Can [6, 12, 18] be made equal? true
Can [2, 3, 5] be made equal? false
Can [1, 1, 1] be made equal? true
Can [7, 14, 21] be made equal? true
Can [10, 20, 30] be made equal? true
Can [4, 6, 8, 9, 12] be made equal? true

Stepwise Explanation for Clarity:

1. Handle Edge Cases: Check if the array is null or empty. In such cases, it trivially satisfies the condition, so true is returned.
2. Define reduceNumberByFactor Helper: Create a private helper method reduceNumberByFactor(int n, int factor). This method takes an integer n and a factor (e.g., 2 or 3). It repeatedly divides n by factor as long as n is greater than 0 and divisible by factor. This ensures all instances of that factor are removed.
3. Process First Element: Take the first element of the array (arr[0]). Apply reduceNumberByFactor first with 2 and then with 3. The result (firstReduced) is the target base value that all other numbers must match.
4. Iterate and Compare: Loop through the rest of the array (starting from the second element, arr[1]).

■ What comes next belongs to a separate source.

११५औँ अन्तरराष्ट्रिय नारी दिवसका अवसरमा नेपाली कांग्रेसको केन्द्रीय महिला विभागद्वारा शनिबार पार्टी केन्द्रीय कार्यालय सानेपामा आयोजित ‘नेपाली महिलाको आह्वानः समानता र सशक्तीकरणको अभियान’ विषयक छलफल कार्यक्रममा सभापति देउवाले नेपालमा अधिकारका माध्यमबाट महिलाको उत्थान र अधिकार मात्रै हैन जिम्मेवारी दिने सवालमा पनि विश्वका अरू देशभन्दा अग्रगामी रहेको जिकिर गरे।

• For each element arr[i], apply reduceNumberByFactor with 2 and then with 3, just like the first element.
• Compare this currentReduced value with firstReduced.
• If currentReduced is ever different from firstReduced, it means that specific number cannot be made equal to the others, so the function immediately returns false.

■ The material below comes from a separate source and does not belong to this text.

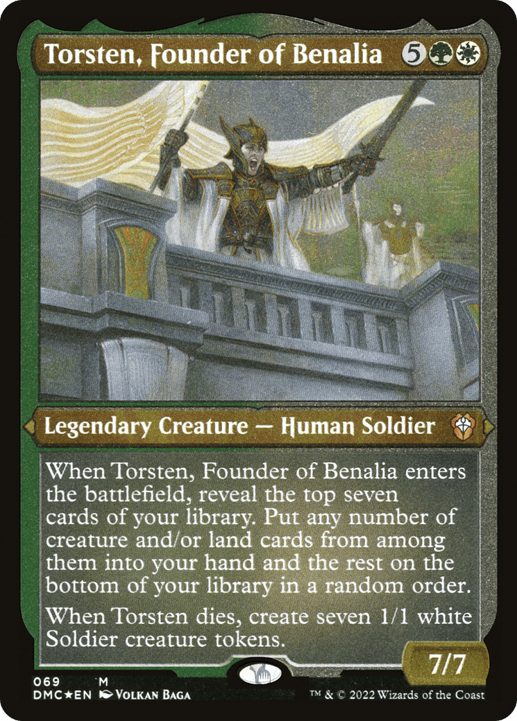 When Torsten enters, reveal the top seven cards of your library. Put any number of creature and/or land cards from among them into your hand and the rest on the bottom of your library in a random order.

1. Return True: If the loop completes without finding any mismatch, it means all numbers can be reduced to the same base value. Therefore, return true.

Conclusion

Determining if all numbers in an array can be made equal by specific division operations involves understanding their underlying prime factors. By reducing each number to its "core" value—after removing all allowed factors (in this case, 2 and 3)—we can efficiently check for equality. This method provides a clear and robust solution to a common algorithmic problem, demonstrating the power of normalization through factorization.

Summary

• Problem: Check if array numbers can be made equal by dividing by 2 or 3.
• Core Idea: Remove all factors of 2 and 3 from each number.
• Method:
• Create a helper to repeatedly divide a number by a given factor.
• Reduce the first number to its "base" value (without factors 2 or 3).
• Reduce every subsequent number similarly.
• If any reduced number does not match the first reduced number, return false.
• If all match, return true.
• Relevance: Useful in data normalization, resource allocation, and number theory.